WHAT TO PRODUCE: Write out every line below again exactly as it stands, skipping each image.

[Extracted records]
--- START ---
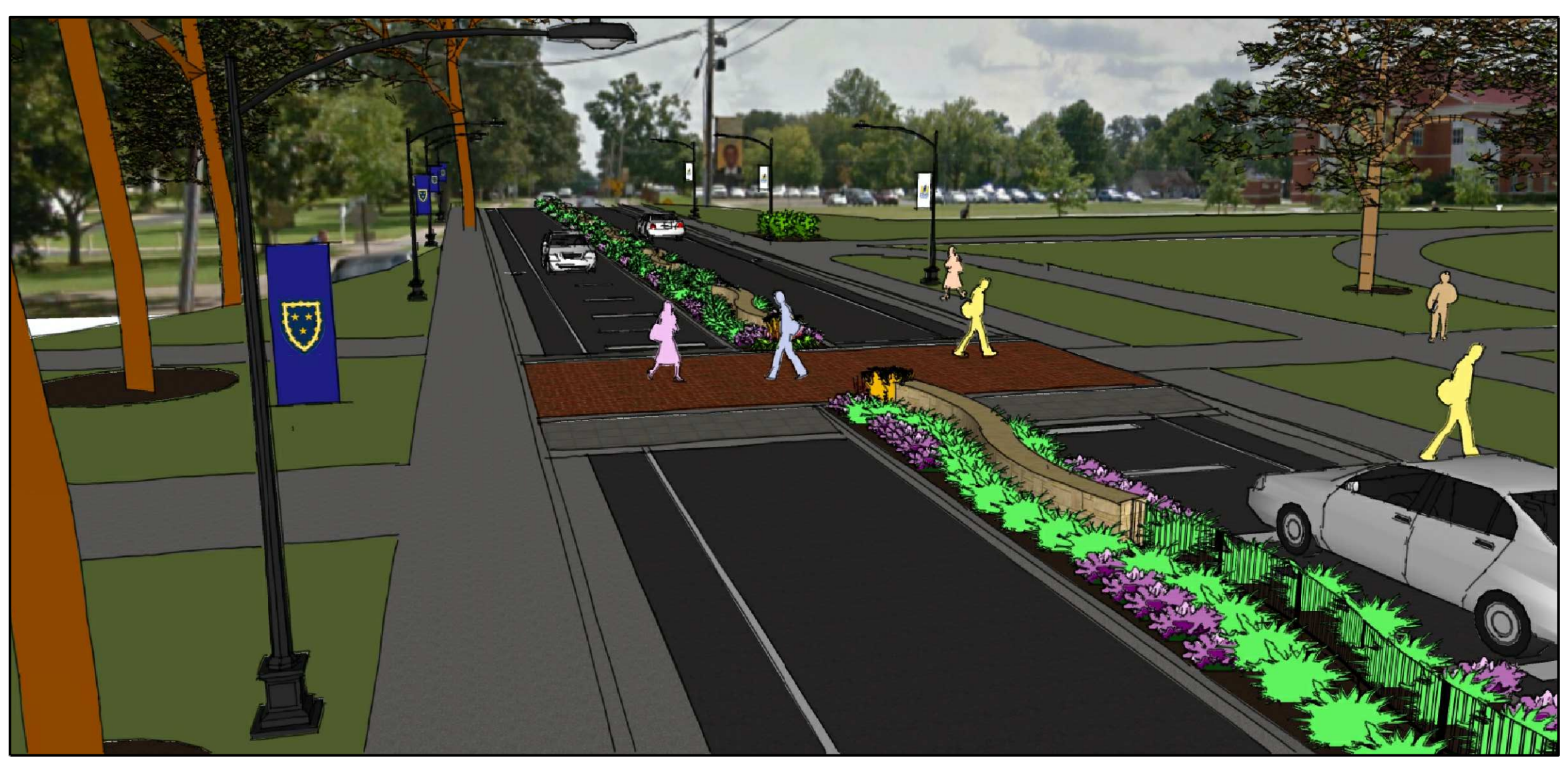
VIEW OF PEDESTRIAN CROSSING AND BARRIER FENCE AT INTERSECTION FACING SOUTH TOWARDS MAIN STREET
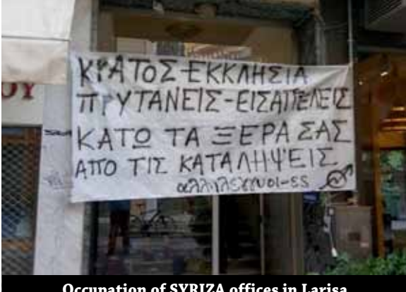
Occupation of SYRIZA offices in Larisa
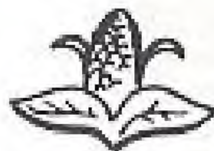
CORN OF ETERNAL YOUTH
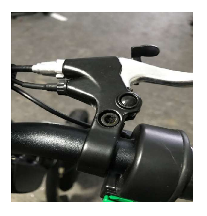
Mounting mirror to brake lever
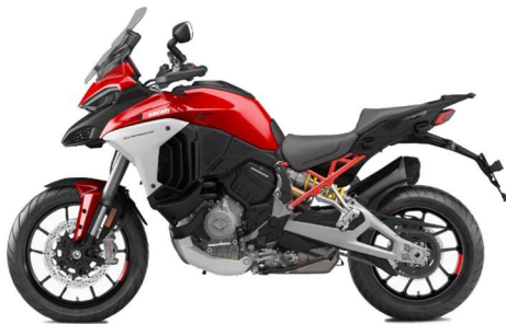
Ducati Multistrada V4 1200
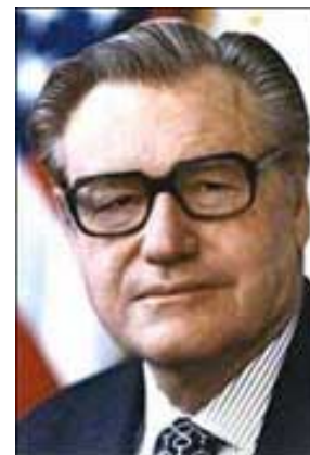
Nelson Rockefeller (1898-1979). Under Secretary of State from 1944 to 1945.
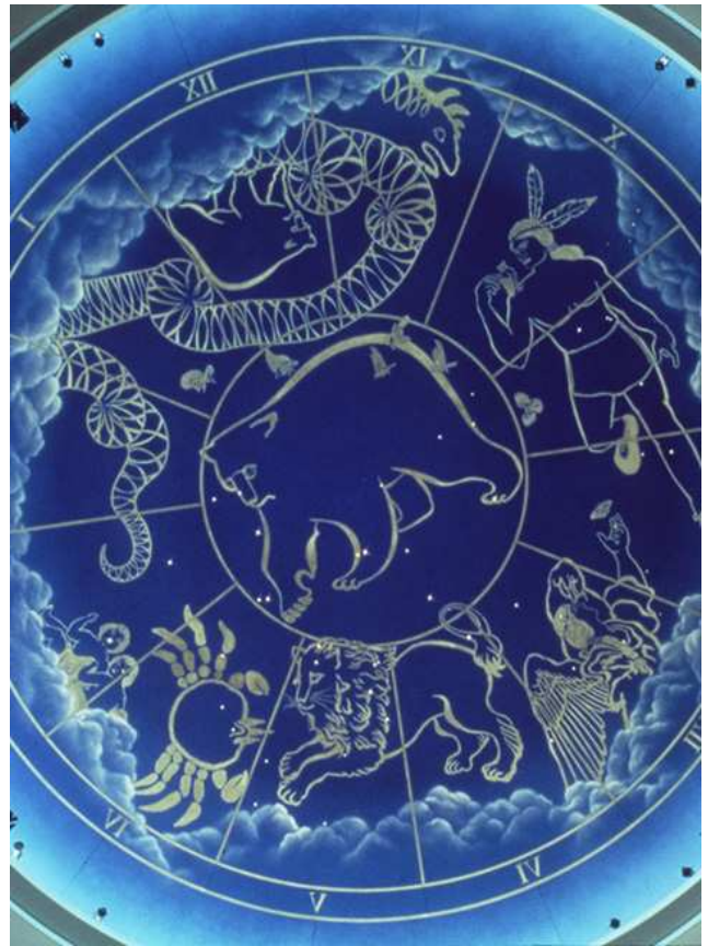
Figure 3-3: The City Council Chambers, the site of City Council meetings, has an extraordinary ceiling created by artist Sharon McCann illustrating the Ojibwa legend of the Great Bear and the Seven Hunters.

In 1820, the Crown made a second purchase and additional settlements were established. This led to
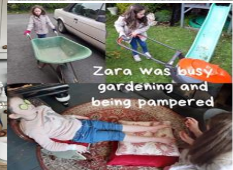
Zara was busy gardening and being pampered
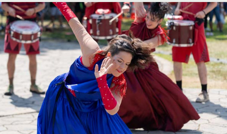
→ Rhythms of the World at Dorval Celebrates

Increase the visibility and accessibility of cultural venues, offerings, and activities, and energize programming by multiplying hybrid events to enrich the public experience.
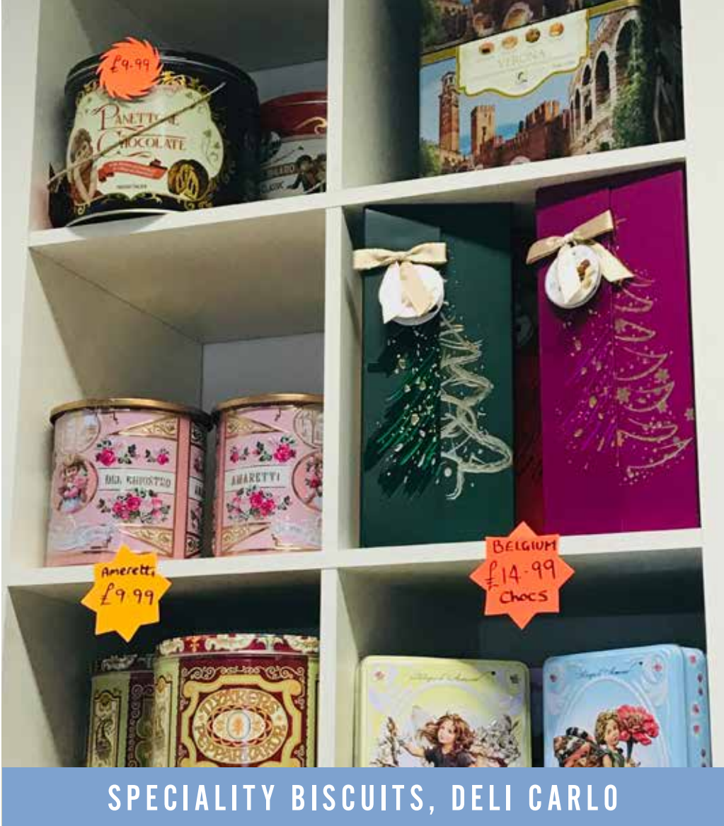
SPECIALITY BISCUITS, DELI CARLO

Plus inside the market hall you'll find everything from crumbly and creamy cheese to speciality pate and made to order hampers.
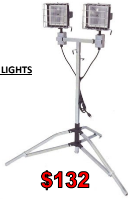
$132 CEP5710: 500 Watt Quartz Heavy Duty.
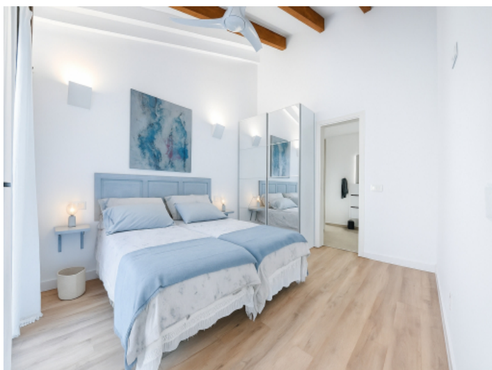
Master bedroom with double bed and terrace access
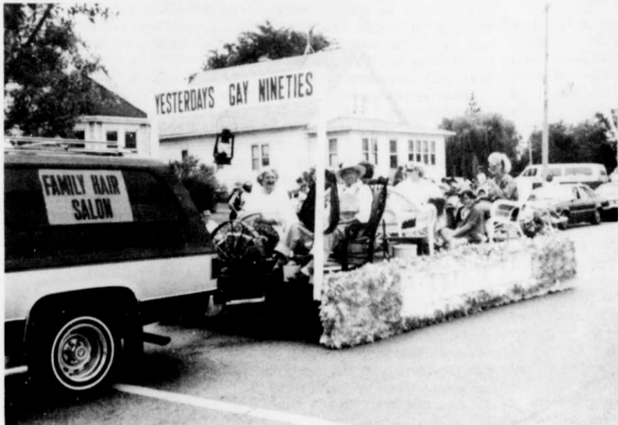
Family Hair Salon won first place parade honors with their "Gay Nineties" entry.
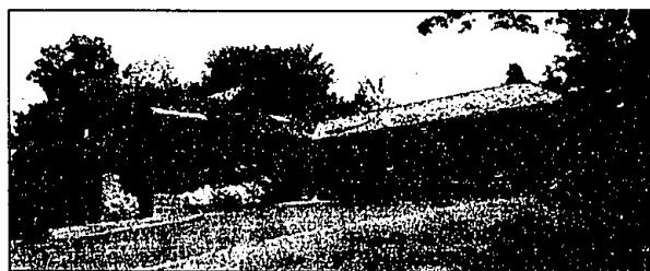
UNIQUE CUSTOM 4 bedroom detached condo home situated in fabulously landscaped area of ponds, water falls and natural preserves. Luxury gated community in Bloomfield Hills. Best buy available. $759,000 (W112E) 641-1660
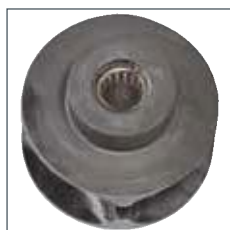
Load chain sheave with needle bearing
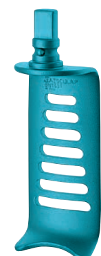
cranial-caudal blades (blunt)
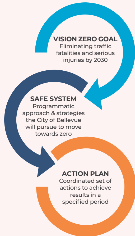
Figure 4: Annual Action Plans build on the Safe System approach and Strategic Plan—a yearly recommitment to address systemic traffic safety challenges holistically through interdepartmental “One City” collaboration.

In this context the Steering Team is working to find the best solution that delivers measurable improvement, is affordable and can be implemented in a reasonable time frame (see Figure 4). Annual Action Plans are living documents, to be continually updated as new data becomes available and as new Safe System actions prove to be successful in making Bellevue streets safer.
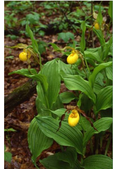
Sauk County plants with two color forms side-by-side

This fall will be the OGG 25th Anniversary. We were incorporated in 1985. We should have a Celebration!!! Please submit to me any ideas that you might have for this occasion. We will form a committee and have this celebration this fall.
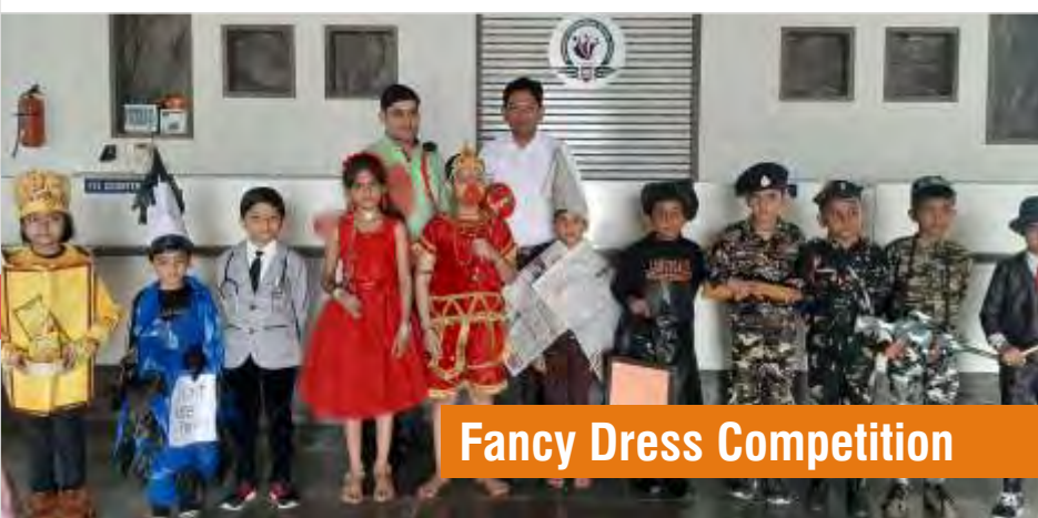
Fancy Dress Competition
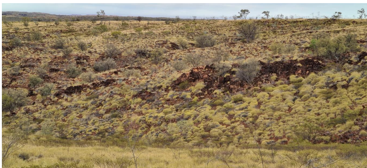
Photo 1: Surface outcrop composite sample at the Braeside West prospect, Woodie Woodie North Manganese Project
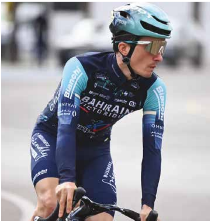
Pello Bilbao of Bahrain Victorious
--- END ---
RESULT OF THIS EXERCISE:
VIEW OF PEDESTRIAN CROSSING AND BARRIER FENCE AT INTERSECTION FACING SOUTH TOWARDS MAIN STREET
Occupation of SYRIZA offices in Larisa
CORN OF ETERNAL YOUTH
Mounting mirror to brake lever
Ducati Multistrada V4 1200
Nelson Rockefeller (1898-1979). Under Secretary of State from 1944 to 1945.
Figure 3-3: The City Council Chambers, the site of City Council meetings, has an extraordinary ceiling created by artist Sharon McCann illustrating the Ojibwa legend of the Great Bear and the Seven Hunters.

In 1820, the Crown made a second purchase and additional settlements were established. This led to
Zara was busy gardening and being pampered
→ Rhythms of the World at Dorval Celebrates

Increase the visibility and accessibility of cultural venues, offerings, and activities, and energize programming by multiplying hybrid events to enrich the public experience.
SPECIALITY BISCUITS, DELI CARLO

Plus inside the market hall you'll find everything from crumbly and creamy cheese to speciality pate and made to order hampers.
$132 CEP5710: 500 Watt Quartz Heavy Duty.
Master bedroom with double bed and terrace access
Family Hair Salon won first place parade honors with their "Gay Nineties" entry.
UNIQUE CUSTOM 4 bedroom detached condo home situated in fabulously landscaped area of ponds, water falls and natural preserves. Luxury gated community in Bloomfield Hills. Best buy available. $759,000 (W112E) 641-1660
Load chain sheave with needle bearing
cranial-caudal blades (blunt)
Figure 4: Annual Action Plans build on the Safe System approach and Strategic Plan—a yearly recommitment to address systemic traffic safety challenges holistically through interdepartmental “One City” collaboration.

In this context the Steering Team is working to find the best solution that delivers measurable improvement, is affordable and can be implemented in a reasonable time frame (see Figure 4). Annual Action Plans are living documents, to be continually updated as new data becomes available and as new Safe System actions prove to be successful in making Bellevue streets safer.
Sauk County plants with two color forms side-by-side

This fall will be the OGG 25th Anniversary. We were incorporated in 1985. We should have a Celebration!!! Please submit to me any ideas that you might have for this occasion. We will form a committee and have this celebration this fall.
Fancy Dress Competition
Photo 1: Surface outcrop composite sample at the Braeside West prospect, Woodie Woodie North Manganese Project
Pello Bilbao of Bahrain Victorious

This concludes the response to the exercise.